◆ THE DATA:
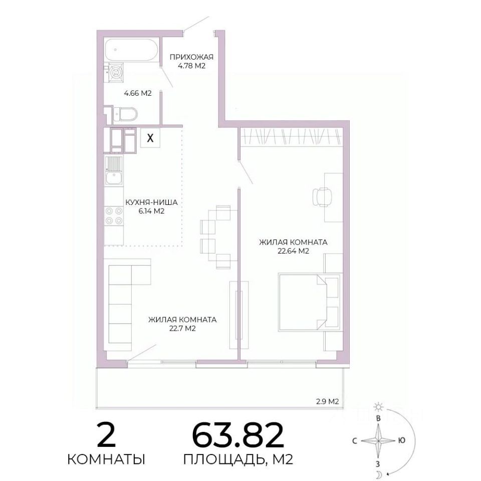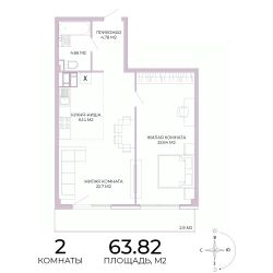 Продаётся 2-комнатная квартира в строящемся доме (дом 17), срок сдачи: IV-кв. 2025, общей площадью 63.82 кв.м., на 17 этаже. Дизайнерская отделка.
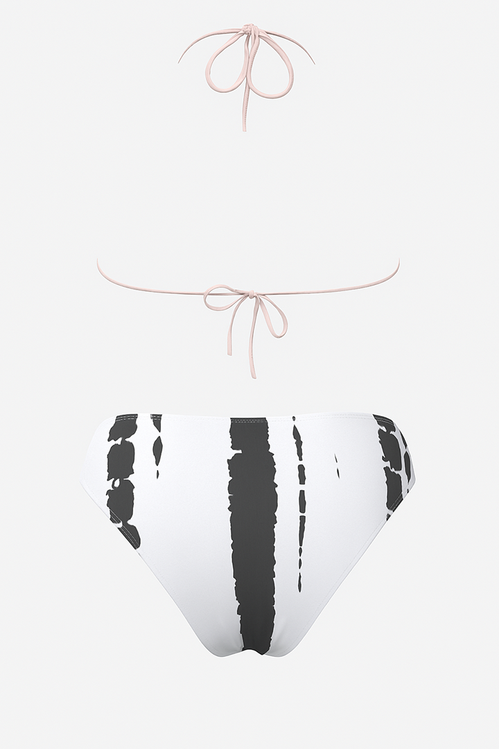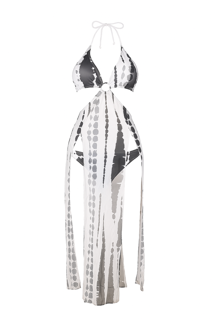 This 3-piece beachwear set features a halter-style bikini top, coordinating bottoms, and a flowing mesh cover-up. The ring detail at the front adds a stylish touch, while the sheer outer layer offers light coverage without compromising on style. Ideal for beach lounging or a resort escape, this set balances comfort, flair, and versatility.
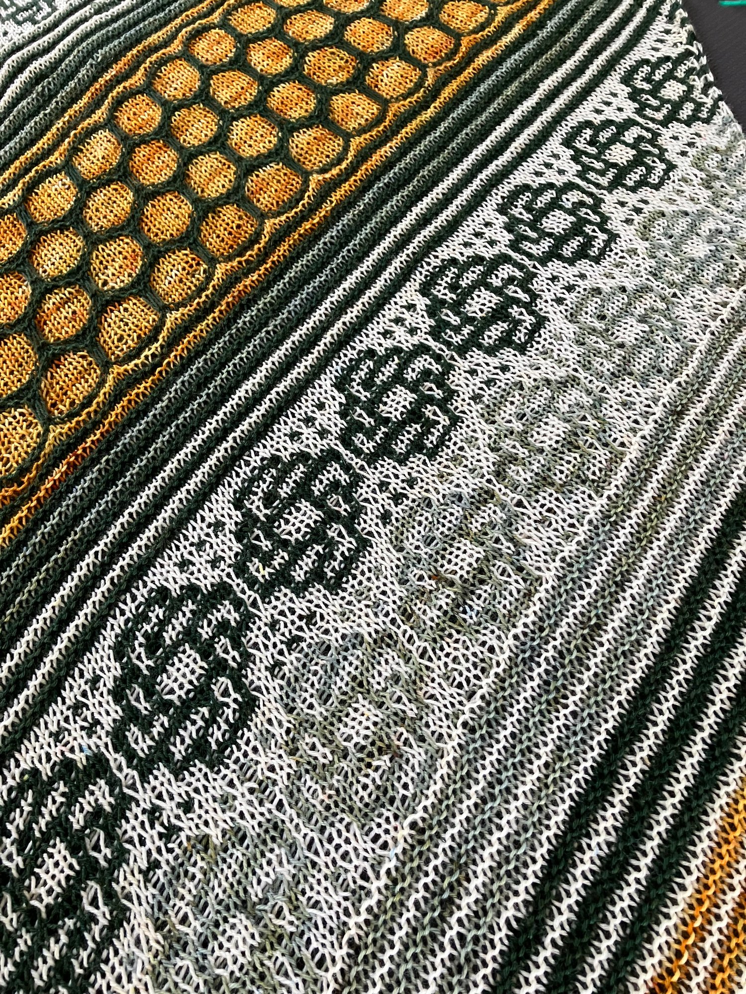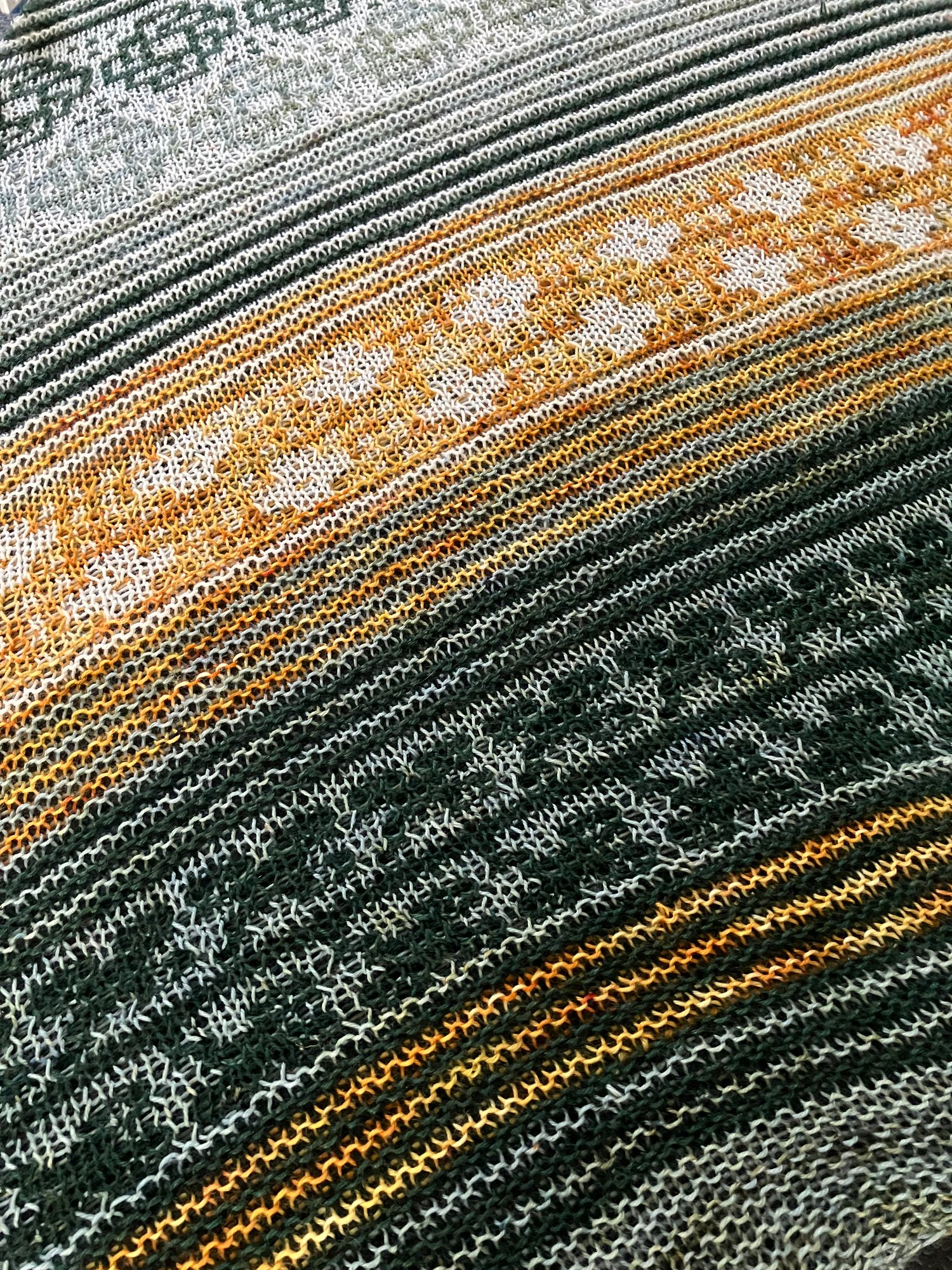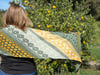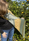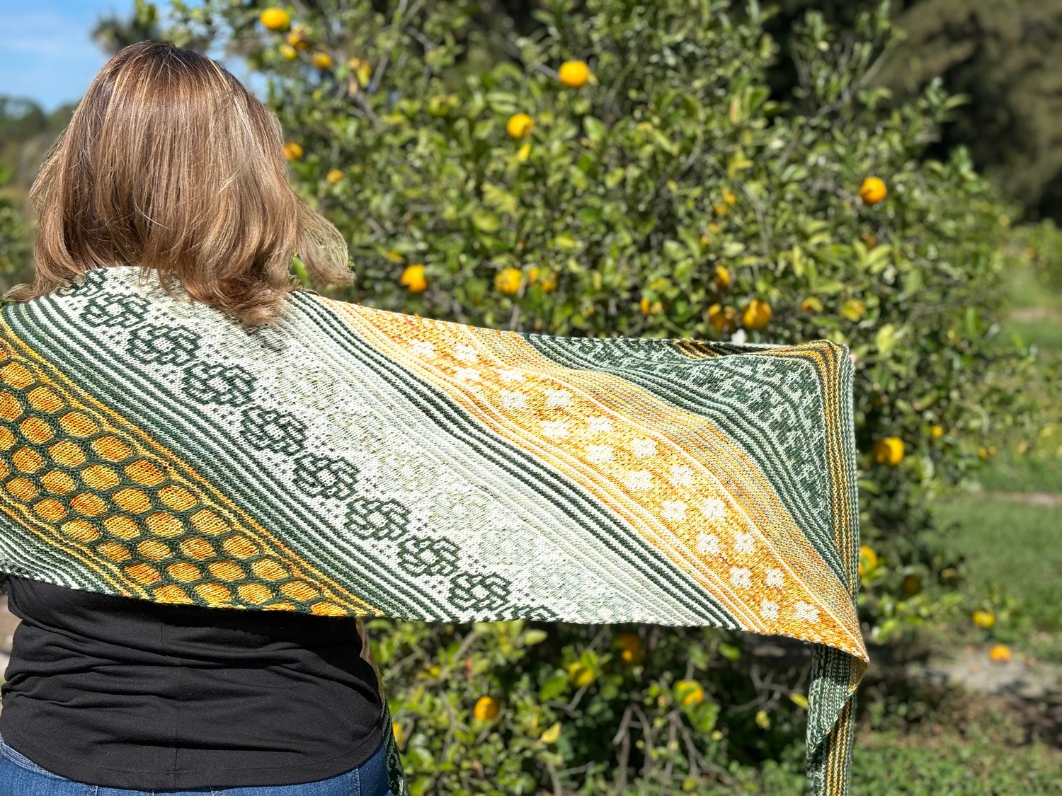 The Sweet Scent of Orange Blossoms is a rectangular wrap knitted on the bias, which means that it is increased and decreased by one stitch every right side row. There are large sections of garter stitch stripes, with slipped stitch and mosaic stitch patterns to keep it interesting. An adventurous beginner will find the slipped stitches easy to memorize, but will keep seasoned knitters interested.
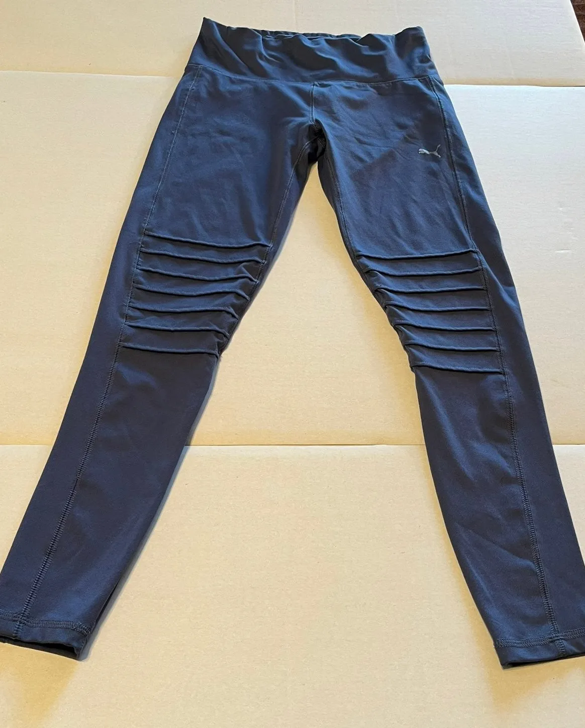 PUMA periwinkle (more of a purple/grey in color) moto style leggings with mesh cut-outs on the cal... Show more
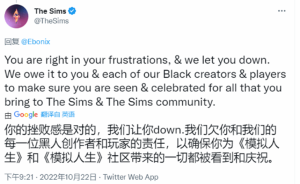10月19日,EA举办的《模拟人生》峰会展示了《模拟人生》新作“Project Rene”消息以及《模拟人生4》的可玩内容。在峰会结束后,英国黑人Twitch的联合创始人指出,峰会的创作者作品展示仅有一位黑人创作者的作品,这让人感到失望。
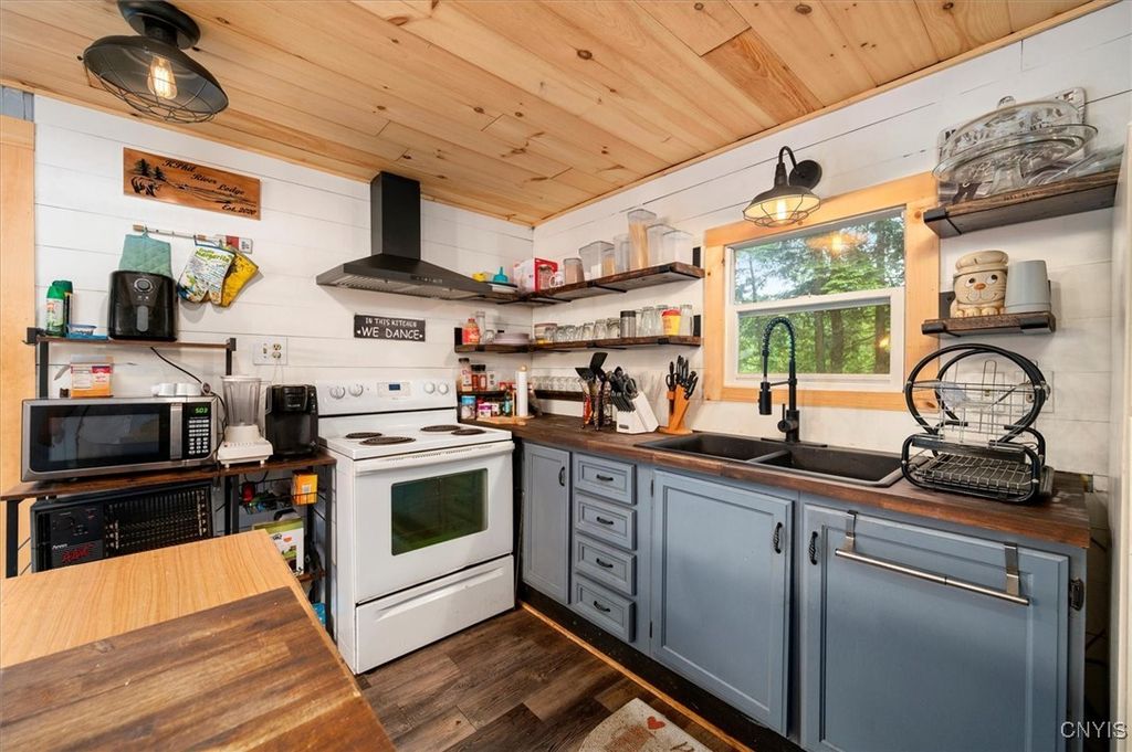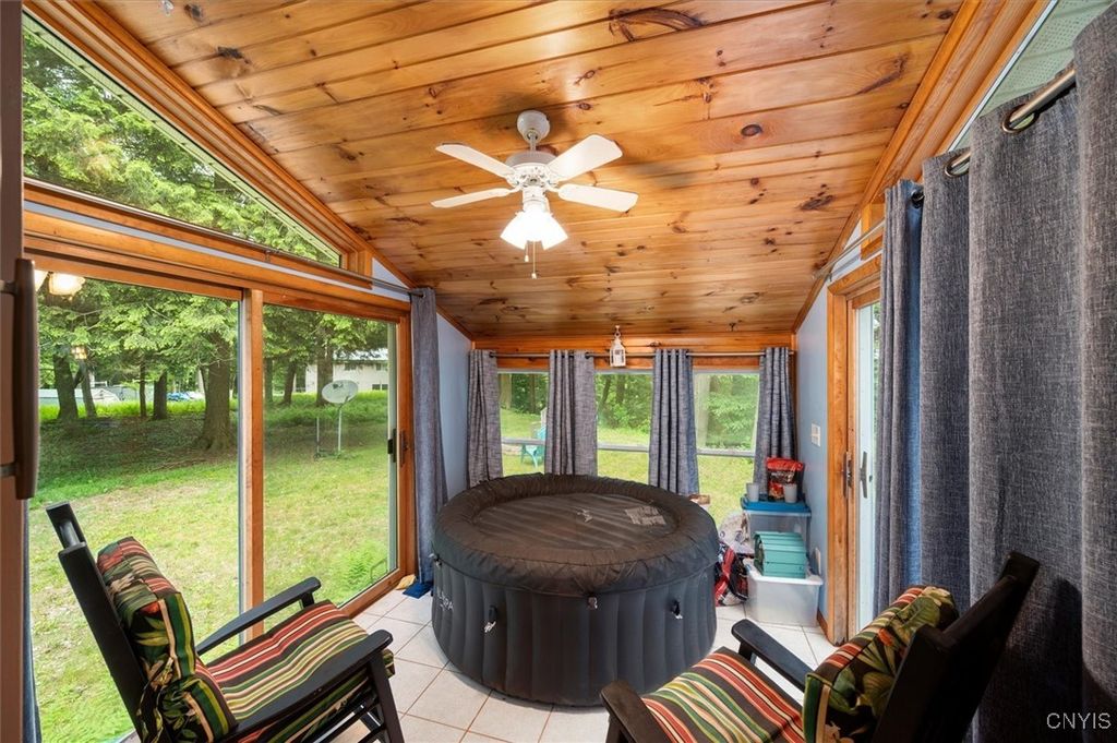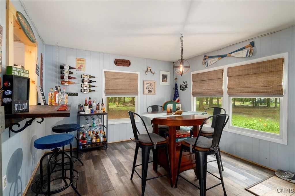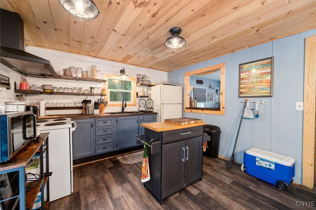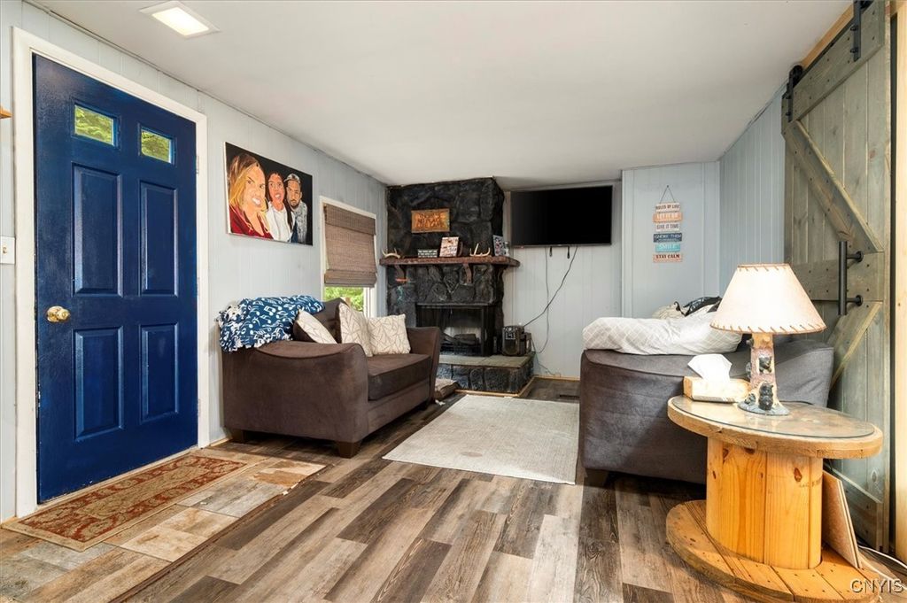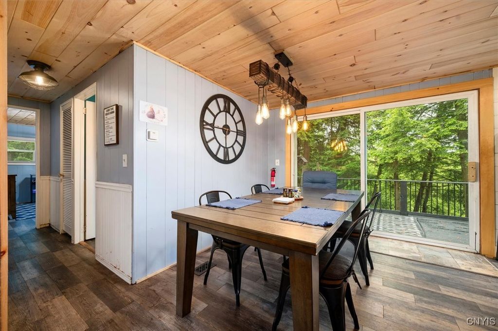 Situated along the Black River, you'll find this charming, one story ranch style home. With winter comes snowmobiling, shoe shoeing and x country skiing. In under 3 miles, hop on the S73 and 837 trails that can bring you to the C7 trail headed toward Old Forge and beyond!. There are beautiful trails for snowshoeing and X country skiing nearby. Spend the summer months fishing, boating, or enjoying the serene beauty of the river as it gently winds through the forest, with the added bonus of quick access to the stunning open waters of Kayuta Lake, perfect for exploration and adventure. This location is a true paradise for those who appreciate wildlife and tranquility. Inside, you'll discover two comfortable bedrooms and a full bathroom with laundry facilities. The master bedroom features convenient access to the bathroom and opens up to a beautiful sunroom through a sliding glass door. The common area is ideal for socializing and cooking with family and friends. Additionally, the walk-out basement serves as a mini movie theater and recreation room, with the potential to be finished into a third bedroom. This property is the perfect place to escape the hustle and bustle of life to relax and rejuvenate!

◆ ASSIGNED TASK:
Only the records are wanted, copied exactly, with the pictures dropped.

◆ SOLVED PROBLEM:
 Продаётся 2-комнатная квартира в строящемся доме (дом 17), срок сдачи: IV-кв. 2025, общей площадью 63.82 кв.м., на 17 этаже. Дизайнерская отделка.
 This 3-piece beachwear set features a halter-style bikini top, coordinating bottoms, and a flowing mesh cover-up. The ring detail at the front adds a stylish touch, while the sheer outer layer offers light coverage without compromising on style. Ideal for beach lounging or a resort escape, this set balances comfort, flair, and versatility.
 The Sweet Scent of Orange Blossoms is a rectangular wrap knitted on the bias, which means that it is increased and decreased by one stitch every right side row. There are large sections of garter stitch stripes, with slipped stitch and mosaic stitch patterns to keep it interesting. An adventurous beginner will find the slipped stitches easy to memorize, but will keep seasoned knitters interested.
 PUMA periwinkle (more of a purple/grey in color) moto style leggings with mesh cut-outs on the cal... Show more
10月19日,EA举办的《模拟人生》峰会展示了《模拟人生》新作“Project Rene”消息以及《模拟人生4》的可玩内容。在峰会结束后,英国黑人Twitch的联合创始人指出,峰会的创作者作品展示仅有一位黑人创作者的作品,这让人感到失望。
 Situated along the Black River, you'll find this charming, one story ranch style home. With winter comes snowmobiling, shoe shoeing and x country skiing. In under 3 miles, hop on the S73 and 837 trails that can bring you to the C7 trail headed toward Old Forge and beyond!. There are beautiful trails for snowshoeing and X country skiing nearby. Spend the summer months fishing, boating, or enjoying the serene beauty of the river as it gently winds through the forest, with the added bonus of quick access to the stunning open waters of Kayuta Lake, perfect for exploration and adventure. This location is a true paradise for those who appreciate wildlife and tranquility. Inside, you'll discover two comfortable bedrooms and a full bathroom with laundry facilities. The master bedroom features convenient access to the bathroom and opens up to a beautiful sunroom through a sliding glass door. The common area is ideal for socializing and cooking with family and friends. Additionally, the walk-out basement serves as a mini movie theater and recreation room, with the potential to be finished into a third bedroom. This property is the perfect place to escape the hustle and bustle of life to relax and rejuvenate!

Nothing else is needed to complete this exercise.